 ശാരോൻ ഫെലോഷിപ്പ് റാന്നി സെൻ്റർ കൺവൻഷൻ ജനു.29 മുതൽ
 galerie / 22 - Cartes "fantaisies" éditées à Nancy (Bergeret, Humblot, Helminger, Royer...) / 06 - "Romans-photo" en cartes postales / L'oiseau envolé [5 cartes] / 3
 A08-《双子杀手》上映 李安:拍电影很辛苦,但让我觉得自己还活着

--------

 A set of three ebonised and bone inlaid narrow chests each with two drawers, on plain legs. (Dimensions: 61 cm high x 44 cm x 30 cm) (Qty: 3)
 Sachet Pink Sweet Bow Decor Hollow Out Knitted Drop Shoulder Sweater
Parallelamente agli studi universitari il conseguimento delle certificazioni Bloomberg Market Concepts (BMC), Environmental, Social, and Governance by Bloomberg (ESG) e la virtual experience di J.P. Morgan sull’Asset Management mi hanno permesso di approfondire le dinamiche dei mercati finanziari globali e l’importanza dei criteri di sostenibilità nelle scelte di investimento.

--------

* TASK ITEM
Of the lines above, extract only those from the line with "ശാരോൻ ഫെലോഷിപ്പ് റാന്നി" to the line with "A08-《双子杀手》上映 李安:拍电影很辛苦,但让我觉得自己还活着", both included, exactly as written.

* ANSWER BOX
 ശാരോൻ ഫെലോഷിപ്പ് റാന്നി സെൻ്റർ കൺവൻഷൻ ജനു.29 മുതൽ
 galerie / 22 - Cartes "fantaisies" éditées à Nancy (Bergeret, Humblot, Helminger, Royer...) / 06 - "Romans-photo" en cartes postales / L'oiseau envolé [5 cartes] / 3
 A08-《双子杀手》上映 李安:拍电影很辛苦,但让我觉得自己还活着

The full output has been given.